**Directions**
In the listing below, find the line with "Grade 5/ Year" and the line with "900 Capacity Library". Repeat those two lines and all lines between them exactly.
*** Materials provided
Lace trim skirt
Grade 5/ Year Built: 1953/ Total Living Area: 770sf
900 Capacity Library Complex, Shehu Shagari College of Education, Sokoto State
******
*** Materials provided
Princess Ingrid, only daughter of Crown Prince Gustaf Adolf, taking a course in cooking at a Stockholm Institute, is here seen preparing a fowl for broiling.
******
**Result**
Grade 5/ Year Built: 1953/ Total Living Area: 770sf
900 Capacity Library Complex, Shehu Shagari College of Education, Sokoto State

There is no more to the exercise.